§ Work request:
Return the listing below unchanged, except that the pictures are dropped.

§ Task input:
__________________________________________________

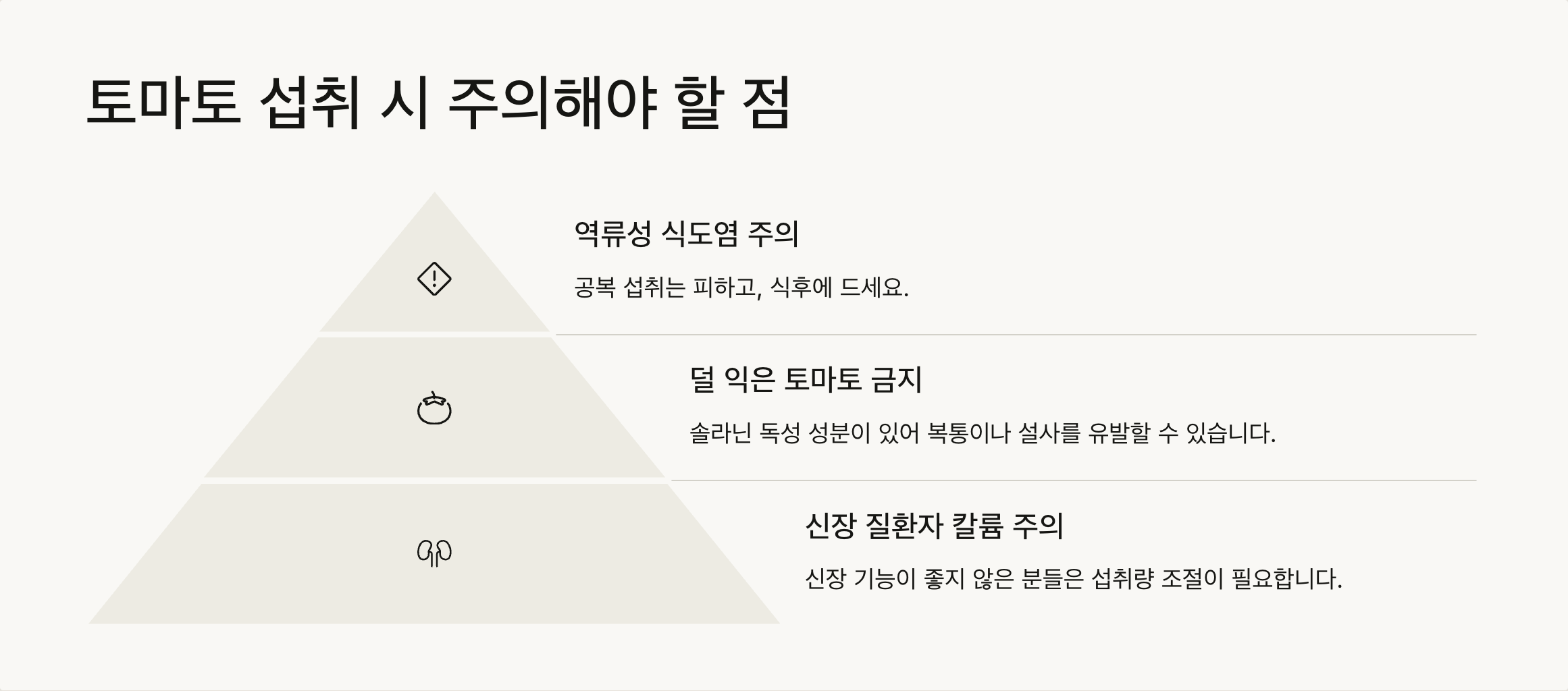 - 역류성 식도염 환자 주의: 토마토의 산 성분이 위산을 과도하게 분비시켜 속 쓰림 증상을 악화시킬 수 있습니다. 공복 섭취는 피하고, 식후에 드시는 것이 좋습니다.
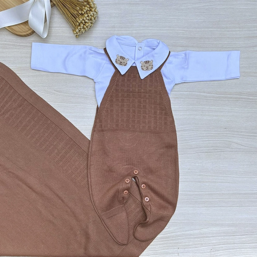 O conjunto conta com macacão em tricot com trama trabalhada, manta coordenada e body manga longa com gola bordada, criando uma composição clássica, sofisticada e atemporal. O body em tecido macio complementa o visual com praticidade e conforto, enquanto o macacão garante charme e aconchego desde a primeira troca.
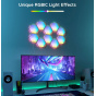 Vylepšete interiér a herní, filmové a hudební zážitky s designovým světlem Hexa Smart LED. Díky technologii RGBIC zobrazuje až 57 barev najednou. Barevnost si můžete nastavit po jednotlivých sekcích a kreativně si pohrát. Celkově umí zobrazit až 16 milionů barev s intenzitou 1-100%. Určitě si vyberete z mnoha režimů osvětlení a při poslouchaní oblíbené hudby si můžete zvolit také ze 6 rytmických režimů. Světla se ovládají hlasem přes Siri, Amazon Alexa nebo Google Assistant nebo přes aplikaci Govee Home na chytrém telefonu nebo tabletu. Světlo je určeno na instalaci na zeď a jeho tvar si můžete přizpůsobit podle vlastní fantazie. Jednoduchá instalace bez vrtání s životností až 50.000 hodin.
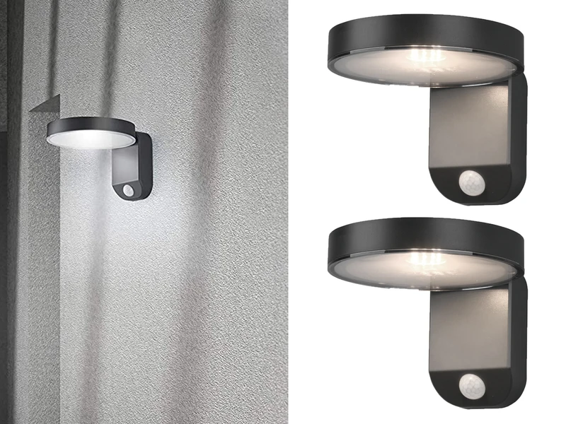 Gefertigt sind die runden Wandlampen aus wetterfestem Kunststoff in Anthrazit und dank Schutzart IP44 können sie in fast jedem Outdoor Bereich zur Fassadenbeleuchtung eingesetzt werden, z.B. als Außenbeleuchtung für Ihren Eingangsbereich, als Terrassenbeleuchtung oder auch als Wegeleuchte an Ihrer Gartenhütte.
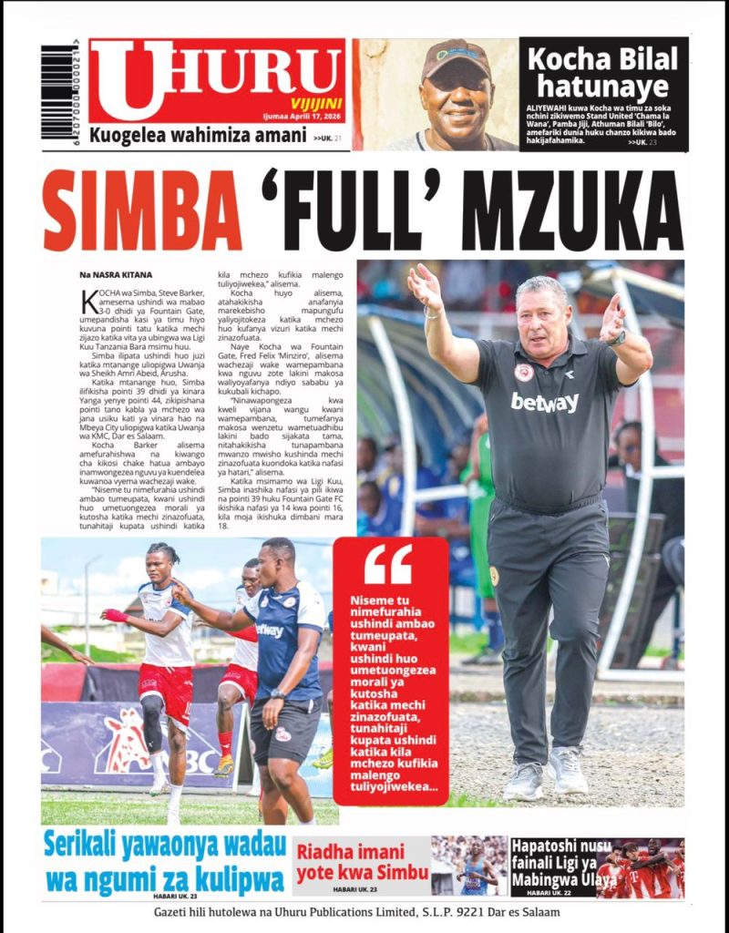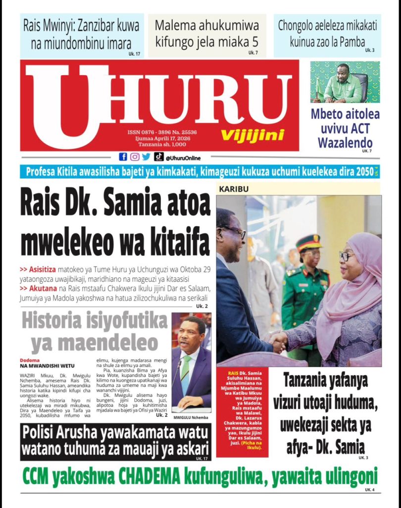 MagazetiPITIA VICHWA VYA HABARI KATIKA MAGAZETI YA LEO APRIL 17, 2026 Last updated: 2026/04/16 at 8:26 PM John Bukuku 3 hours ago Share SHARE John Bukuku April 16, 2026 April 16, 2026 Share this Article Facebook Twitter Email Print Previous Article SERIKALI YAENDELEA NA MKAKATI WA KULINDA VYANZO VYA MAJI NCHINI Next Article KAMATI YA UTALII, BIASHARA NA KILIMO BARAZA LA WAWAKILISHI YADHAMIRIA MAMLAKA YA VIPIMO ZANZIBAR IFIKIE VIWANGO VYA WMA BARA
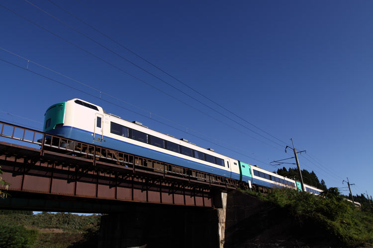 今日の「いなほ8号」は、はくたか仕様だったので、サイドからの流しに挑戦。
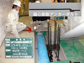 ◇新技術イナズマアンカーは干渉の発生した箇所に適用され、偏心を利用して"コンクリート埋込部穴"を設け、イナズマアンカと接着固定する。干渉の発生しない箇所はストレートアンカーを使用。当初の基礎配置図の変更なしに施工可能。従来方式の②~④を省略できる。また、従来方式で寸法の制約などにより中間板が適用できない場合、干渉位置のコンクリートを斫りアンカー位置修正作業が要求される場合もあるが、新技術アンカーでは斫りなしで施工可能となる。

__________________________________________________

§ Finished task:
 - 역류성 식도염 환자 주의: 토마토의 산 성분이 위산을 과도하게 분비시켜 속 쓰림 증상을 악화시킬 수 있습니다. 공복 섭취는 피하고, 식후에 드시는 것이 좋습니다.
 O conjunto conta com macacão em tricot com trama trabalhada, manta coordenada e body manga longa com gola bordada, criando uma composição clássica, sofisticada e atemporal. O body em tecido macio complementa o visual com praticidade e conforto, enquanto o macacão garante charme e aconchego desde a primeira troca.
 Vylepšete interiér a herní, filmové a hudební zážitky s designovým světlem Hexa Smart LED. Díky technologii RGBIC zobrazuje až 57 barev najednou. Barevnost si můžete nastavit po jednotlivých sekcích a kreativně si pohrát. Celkově umí zobrazit až 16 milionů barev s intenzitou 1-100%. Určitě si vyberete z mnoha režimů osvětlení a při poslouchaní oblíbené hudby si můžete zvolit také ze 6 rytmických režimů. Světla se ovládají hlasem přes Siri, Amazon Alexa nebo Google Assistant nebo přes aplikaci Govee Home na chytrém telefonu nebo tabletu. Světlo je určeno na instalaci na zeď a jeho tvar si můžete přizpůsobit podle vlastní fantazie. Jednoduchá instalace bez vrtání s životností až 50.000 hodin.
 Gefertigt sind die runden Wandlampen aus wetterfestem Kunststoff in Anthrazit und dank Schutzart IP44 können sie in fast jedem Outdoor Bereich zur Fassadenbeleuchtung eingesetzt werden, z.B. als Außenbeleuchtung für Ihren Eingangsbereich, als Terrassenbeleuchtung oder auch als Wegeleuchte an Ihrer Gartenhütte.
 MagazetiPITIA VICHWA VYA HABARI KATIKA MAGAZETI YA LEO APRIL 17, 2026 Last updated: 2026/04/16 at 8:26 PM John Bukuku 3 hours ago Share SHARE John Bukuku April 16, 2026 April 16, 2026 Share this Article Facebook Twitter Email Print Previous Article SERIKALI YAENDELEA NA MKAKATI WA KULINDA VYANZO VYA MAJI NCHINI Next Article KAMATI YA UTALII, BIASHARA NA KILIMO BARAZA LA WAWAKILISHI YADHAMIRIA MAMLAKA YA VIPIMO ZANZIBAR IFIKIE VIWANGO VYA WMA BARA
 今日の「いなほ8号」は、はくたか仕様だったので、サイドからの流しに挑戦。
 ◇新技術イナズマアンカーは干渉の発生した箇所に適用され、偏心を利用して"コンクリート埋込部穴"を設け、イナズマアンカと接着固定する。干渉の発生しない箇所はストレートアンカーを使用。当初の基礎配置図の変更なしに施工可能。従来方式の②~④を省略できる。また、従来方式で寸法の制約などにより中間板が適用できない場合、干渉位置のコンクリートを斫りアンカー位置修正作業が要求される場合もあるが、新技術アンカーでは斫りなしで施工可能となる。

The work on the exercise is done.